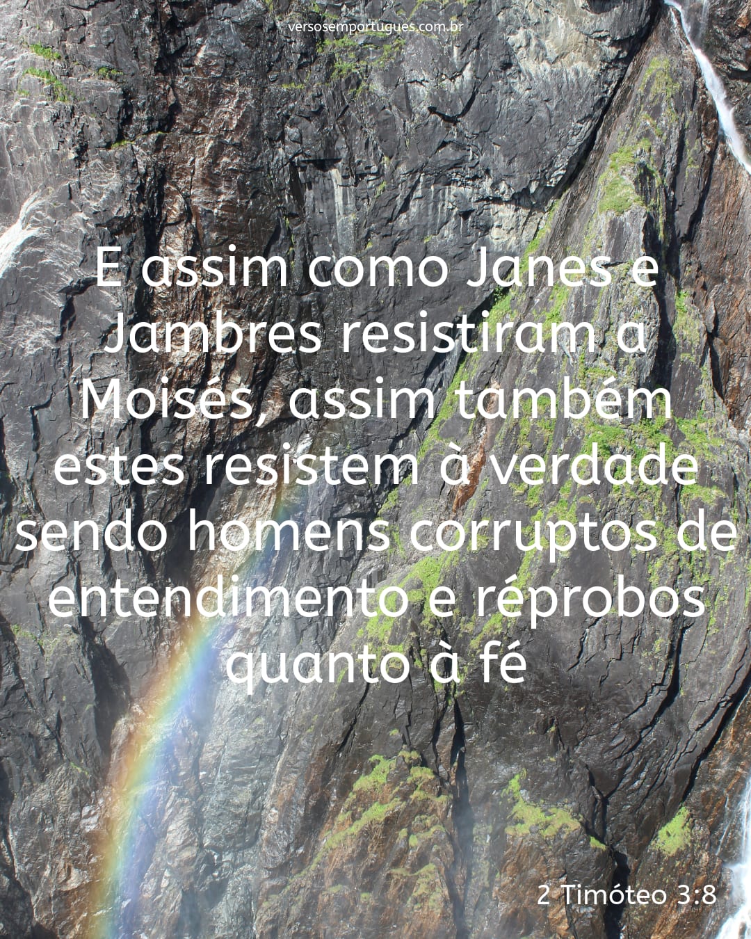 E assim como Janes e Jambres resistiram a Moisés, assim também estes resistem à verdade, sendo homens corruptos de entendimento e réprobos quanto à fé.
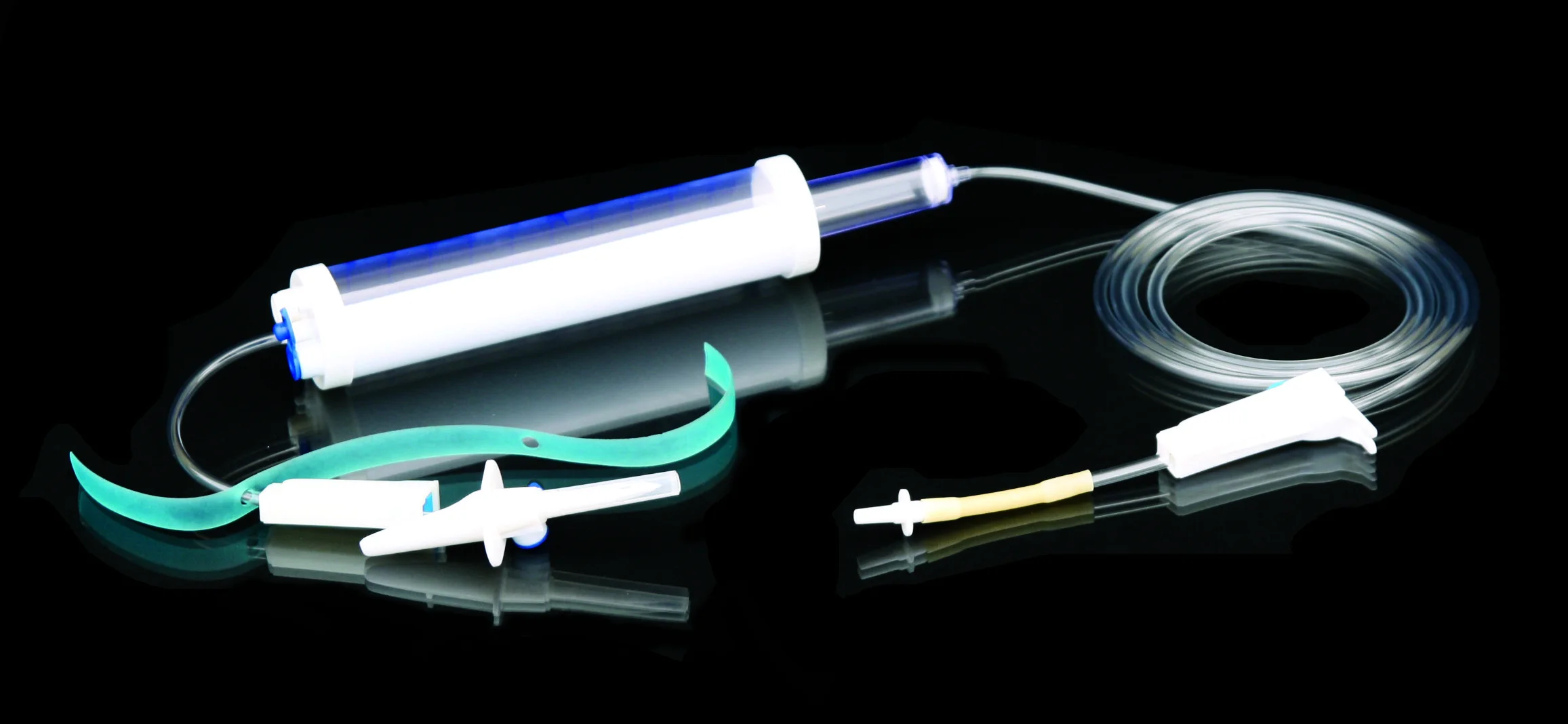 Drip Chamber: PVC, sizes according to the ISO 8536-4 standards Vented Spike: ABS Flow Regulator: ABS or PP Flexible SoftTube: PVC, 1.5m Soft and kink resistant Protective Cap: PP or PE, for closure piercing device with internal thread that prevents the bacteria from coming in Air inlet: PE (with or without) Fluid Filter: PVC (with or without) "Y" Injection Port: PVC (with or without) Injection site: Rubber (with or without) Sharp Needle: Stainless steel (with or without), Hypodermic needle or Butterfly type needle available
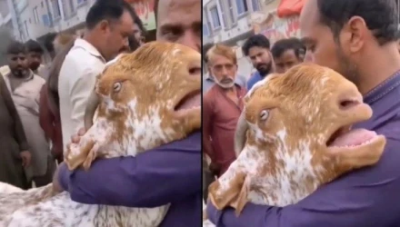 Στο βίντεο που έχει γίνει viral, η κατσίκα έχει αγκαλιάσει τον ιδιοκτήτη της και κλαίει πάνω του, με το πλήθος που είναι συγκεντρωμένο να παρακολουθεί σοκαρισμένο.
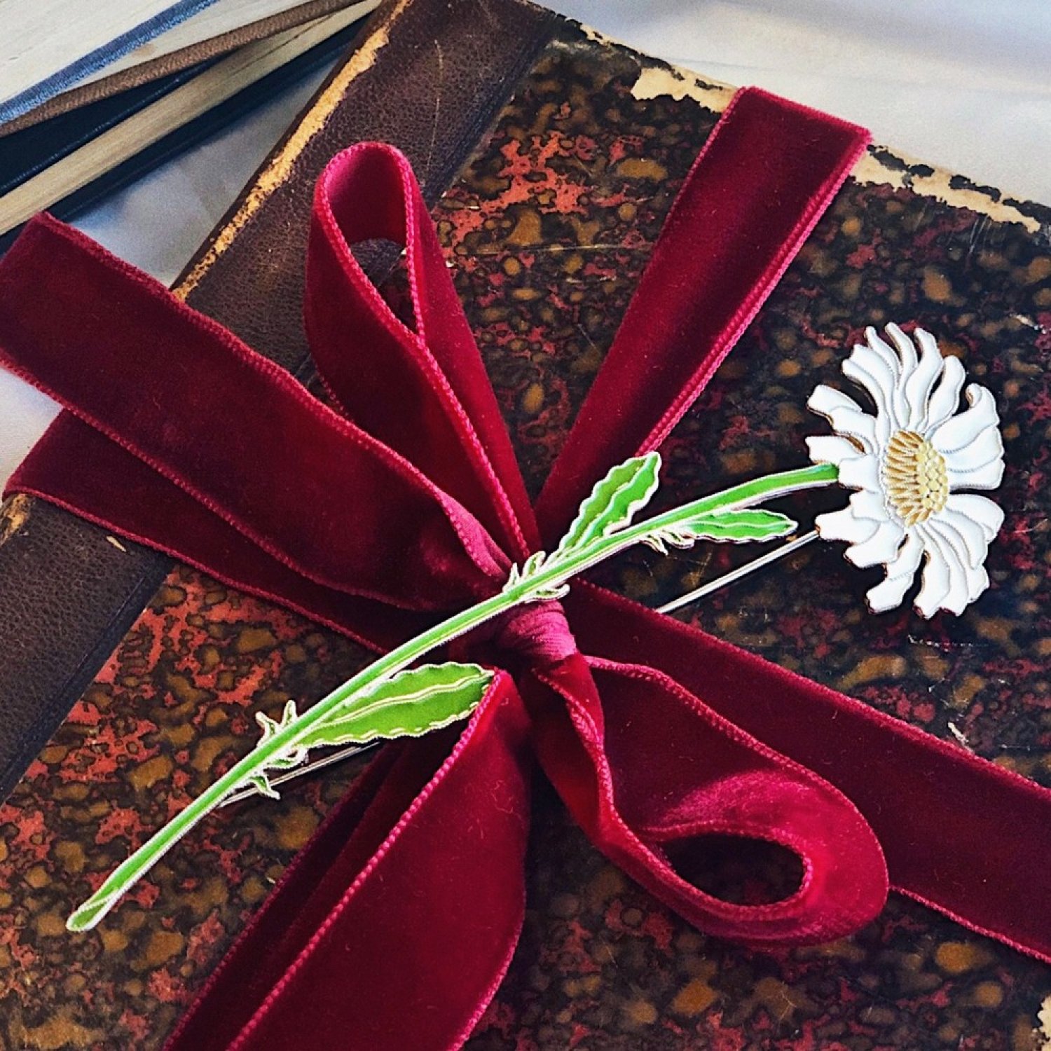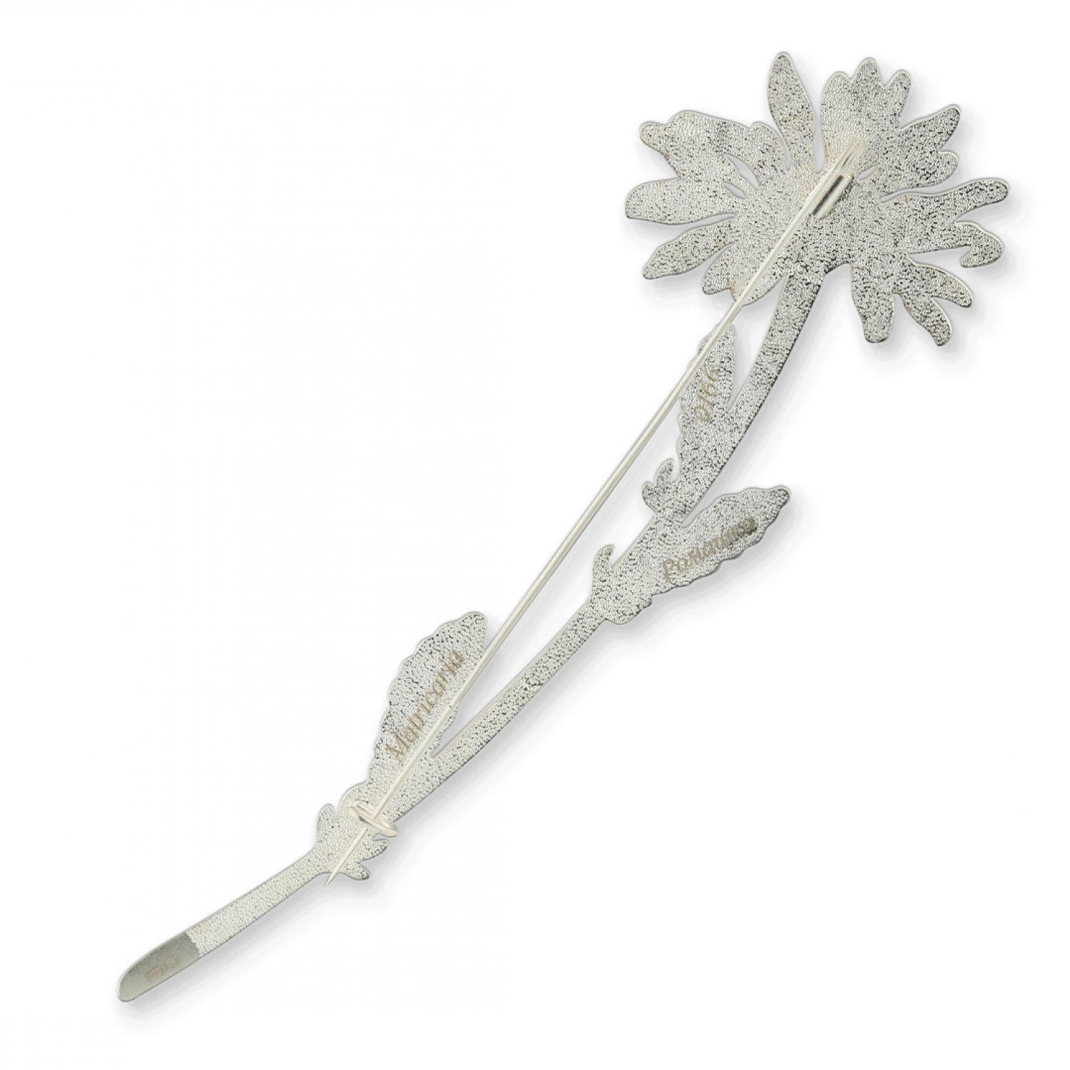 Коллекция "Гербарий Татьяны Поляковой" Брошь "Ромашка" "Я никогда не гадала на полевых ромашках. Но верила в поверье о том, что там, где упала звезда, выросла ромашка. Ромашки для меня звездные цветы. Отличительный знак. Свой первый венок помню. Это и была корона детства. Даже сейчас я определяю наступление лета по гордым, распутавшимся соцветиям, жду возможность остановиться в поле и дотронуться до нежного лепестка. Брошь-ромашку я накалываю на шелковый лацкан смокинга. В знак значимости момента. Не живую гардению, a именно мою петербургскую ромашку. И тема для разговора появляется сразу. Ромашкой украшаю свои белые мужские рубашки. Мужчины же себе этого позволить не могут? Или это намёк?". Размер броши – 14,7 см.
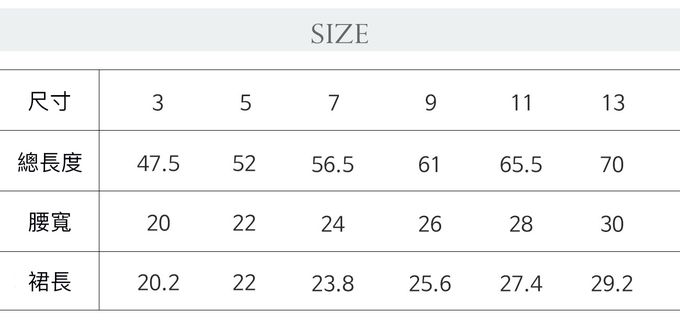 1. 尺寸表單位皆為公分(cm),實際尺寸會因布料彈性、水洗、測量起訖點等因素略有誤差。
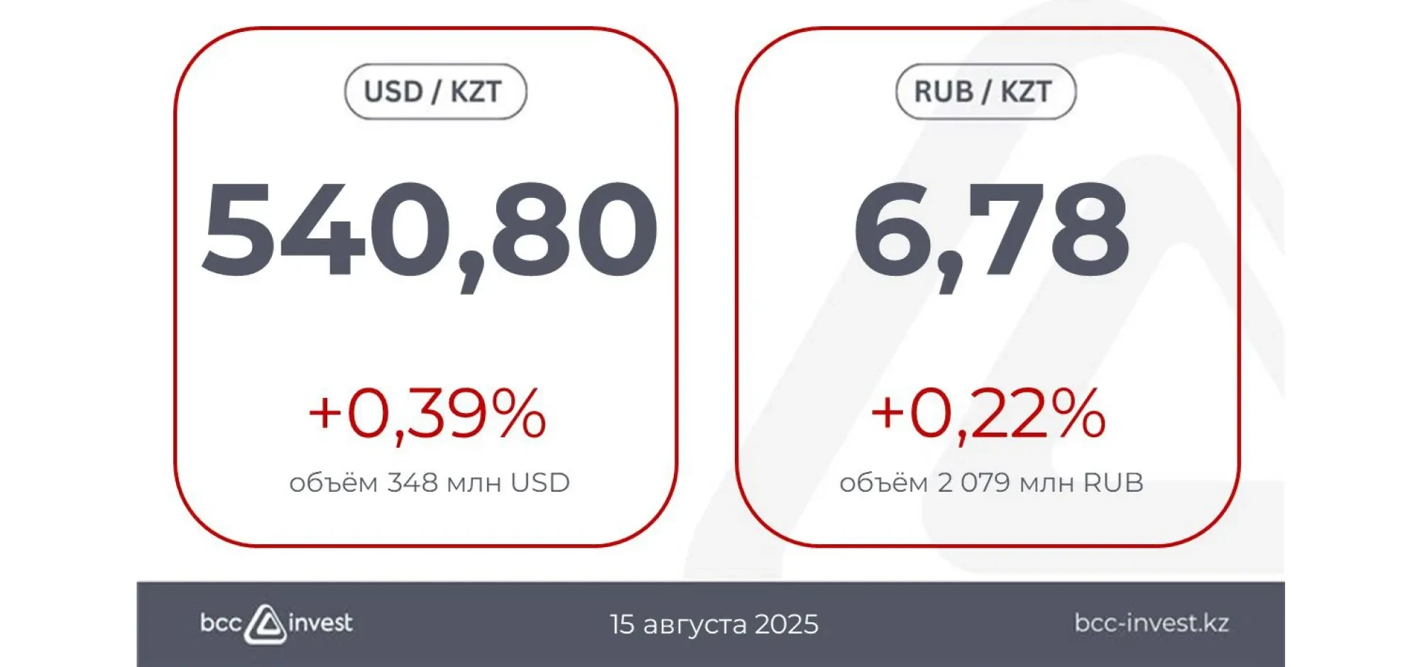 Тенге по итогам торгов в пятницу продемонстрировал ослабление до 540,80, показав изменение +0,39% при увеличенных объёмах операций в 348 млн USD.
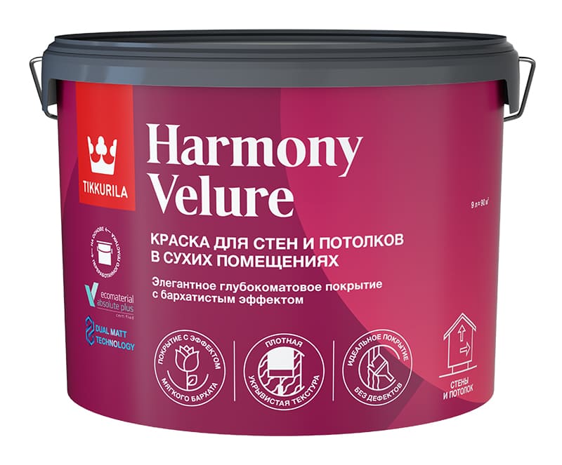 - Интерьерная глубокоматовая экологичная краска Tikkurila Harmony Velure создает мягкую бархатистую поверхность, к которой так и хочется прикоснуться Ее можно использовать при создании как минималистичных, так и богато декорированных интерьеров, ведь бархат - излюбленный материал королей и богемы Tikkurila Harmony относится к высшему классу эмиссии строительных материалов М1 Такие материалы практически не выделяют вредных веществ Подходит для окраски новых и ранее окрашенных оштукатуренных, бетонных, зашпатлеванных, кирпичных, картонных, деревянных и гипсокартонных поверхностей, а также древесностружечных и древесноволокнистых плит внутри помещений Не подходит для окраски дверей и мебели
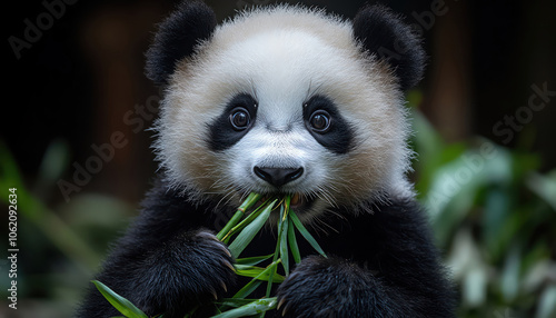Fototapeta premium Panda munching on bamboo, wideeyed and adorable closeup
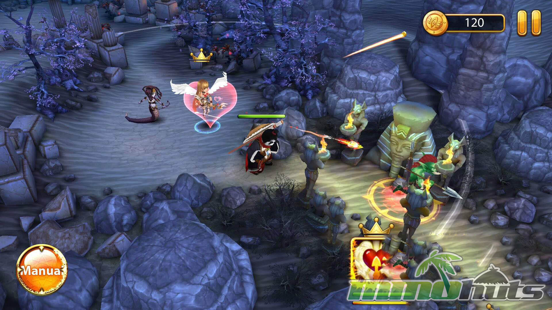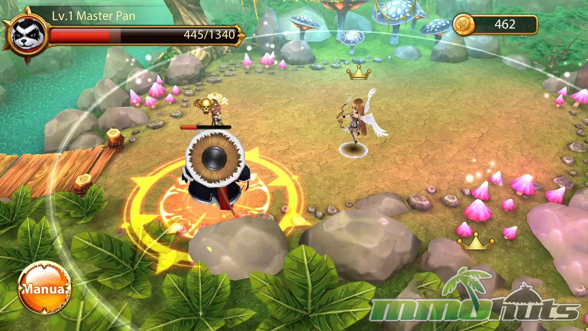 The game’s structure was straightforward: each region was a map made up of individual stages, and each stage played out as a short run through a compact area with multiple enemy waves and a final boss. Most missions were designed to be finished quickly, which fit mobile sessions well, even if it made the adventure feel more like a checklist than an extended dungeon crawl.
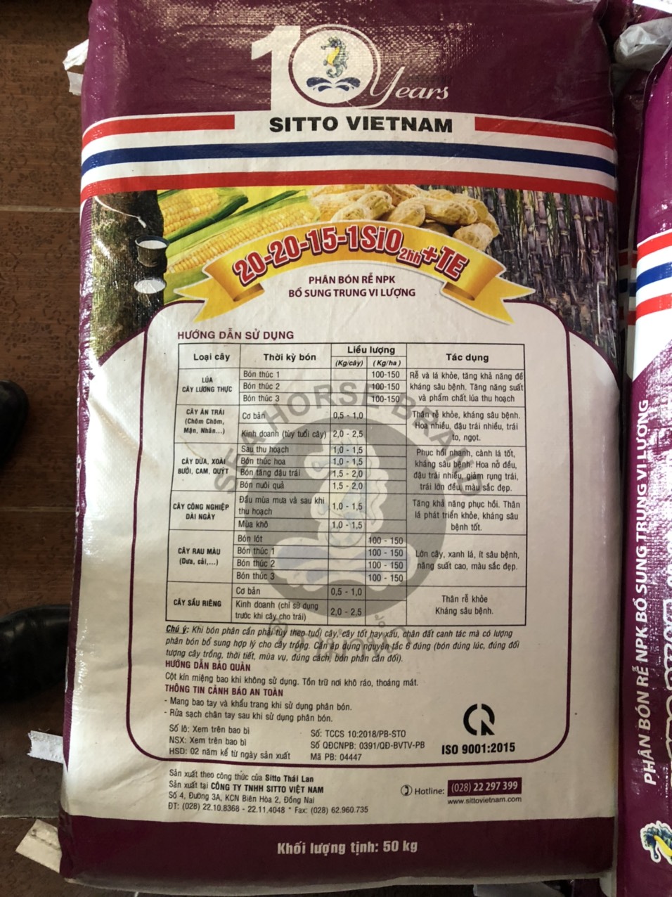 Đoàn kiểm tra 2 mẫu phân bón để kiểm nghiệm bao gồm: Phân bón rễ NPK bổ sung trung vi lượng SITTO PHAT 20-20-15+1SiO2hh + TE và Phân bón NPK bổ sung trung vi lượng SITTO PHAT 14-8-6+1SiO2hh + TE do Công ty TNHH SITTO Việt Nam sản xuất.
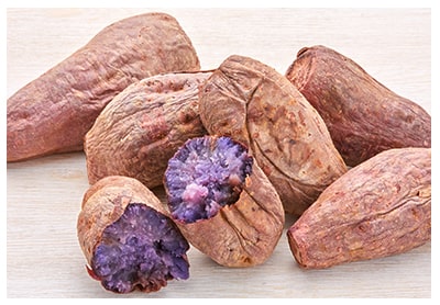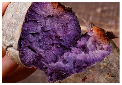 紅芋はポリフェノール系の成分・アントシアニンや食物繊維がたっぷり含まれており、無添加・無着色の身体にやさしい自然の食材です。

● **Work task**: Output nothing but the lines from the line with "1. 尺寸表單位皆為公分(c" through the last line of the material above, please, word for word and without the pictures.

● **Task output**:
 1. 尺寸表單位皆為公分(cm),實際尺寸會因布料彈性、水洗、測量起訖點等因素略有誤差。
 Тенге по итогам торгов в пятницу продемонстрировал ослабление до 540,80, показав изменение +0,39% при увеличенных объёмах операций в 348 млн USD.
 - Интерьерная глубокоматовая экологичная краска Tikkurila Harmony Velure создает мягкую бархатистую поверхность, к которой так и хочется прикоснуться Ее можно использовать при создании как минималистичных, так и богато декорированных интерьеров, ведь бархат - излюбленный материал королей и богемы Tikkurila Harmony относится к высшему классу эмиссии строительных материалов М1 Такие материалы практически не выделяют вредных веществ Подходит для окраски новых и ранее окрашенных оштукатуренных, бетонных, зашпатлеванных, кирпичных, картонных, деревянных и гипсокартонных поверхностей, а также древесностружечных и древесноволокнистых плит внутри помещений Не подходит для окраски дверей и мебели
Fototapeta premium Panda munching on bamboo, wideeyed and adorable closeup
 The game’s structure was straightforward: each region was a map made up of individual stages, and each stage played out as a short run through a compact area with multiple enemy waves and a final boss. Most missions were designed to be finished quickly, which fit mobile sessions well, even if it made the adventure feel more like a checklist than an extended dungeon crawl.
 Đoàn kiểm tra 2 mẫu phân bón để kiểm nghiệm bao gồm: Phân bón rễ NPK bổ sung trung vi lượng SITTO PHAT 20-20-15+1SiO2hh + TE và Phân bón NPK bổ sung trung vi lượng SITTO PHAT 14-8-6+1SiO2hh + TE do Công ty TNHH SITTO Việt Nam sản xuất.
 紅芋はポリフェノール系の成分・アントシアニンや食物繊維がたっぷり含まれており、無添加・無着色の身体にやさしい自然の食材です。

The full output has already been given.